:: WHAT NEEDS TO BE DONE ::
Find the line that contains "根据校团委和电子工程学院党委"; please output it and each line after it, exactly as shown, up to the end of the entries below, skipping pictures.

++++++++++++++++++++

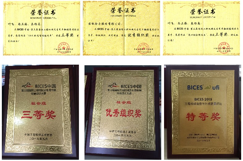 本次比賽社會(huì)組共有400多件作品,合力所有作品全部入圍,并且作品的質(zhì)量上乘。其中有兩件作品榮獲三等獎(jiǎng);成為本次大賽獲獎(jiǎng)作品最多的公司之一,榮獲賽事“優(yōu)秀組織獎(jiǎng)”;另外,公司RSH4532正面吊在所有參展產(chǎn)品中得到展會(huì)組委會(huì)一致肯定,獲得工程機(jī)械外觀造型及質(zhì)量評(píng)比“特等獎(jiǎng)”的殊榮。
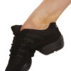Lightweight dansneaker with breathable mesh upper and suede reinforcement detailing. Features Capezio’s famous patented arch support and non-marking, 360 degree spin sole.
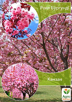- Сакура червонолиста "Роял Бургунді" – невисоке дерево, що цінується за великі рожеві квіти, зібрані в пензлі. Сорт дуже декоративний, використовується в ландшафтному дизайні, як солітер чи груповий посадці. Рослина воліє сонячне місце і добре дреновані ґрунти. При вирощуванні приділяють увагу обрізці для формування красивої крони, збереження декоративності та здоров'я дерева.
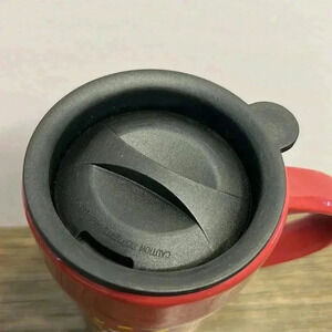 Like new - excellent condition 12oz 6” tall -maroon cup with handle and lid
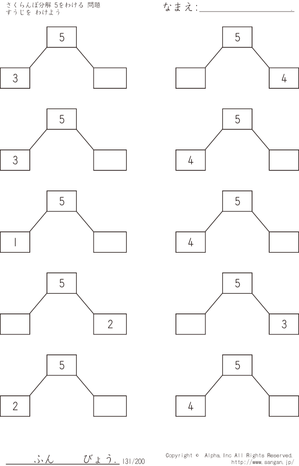 さくらんぼ分解 すうじをわけよう 5をわける [問題]131/200
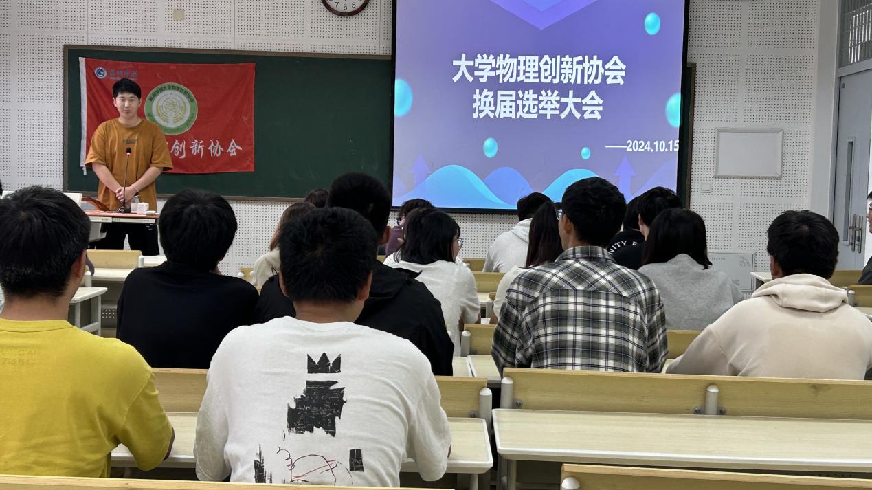 根据校团委和电子工程学院党委的部署,2024年10月15日中午,大学物理创新协会在崇学楼中303教室举办了社团换届大会。协会各部门干事以及会员近50人参会,协会指导老师杜成名到会指导,会议由许家乐主持。
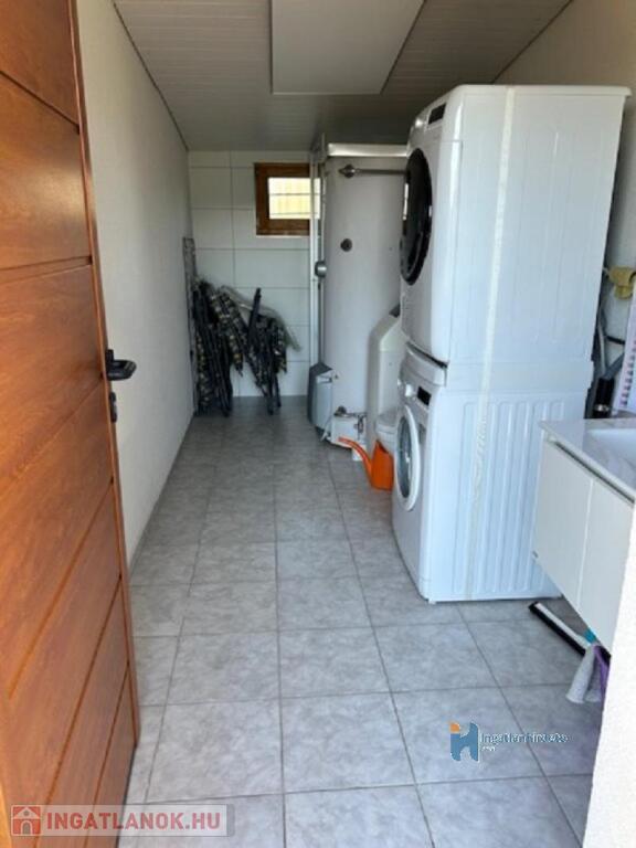 Az udvarról külön bejárattal található a mosókonyha, tároló és a garázs.

++++++++++++++++++++

:: EXERCISE OUTPUT ::
 根据校团委和电子工程学院党委的部署,2024年10月15日中午,大学物理创新协会在崇学楼中303教室举办了社团换届大会。协会各部门干事以及会员近50人参会,协会指导老师杜成名到会指导,会议由许家乐主持。
 Az udvarról külön bejárattal található a mosókonyha, tároló és a garázs.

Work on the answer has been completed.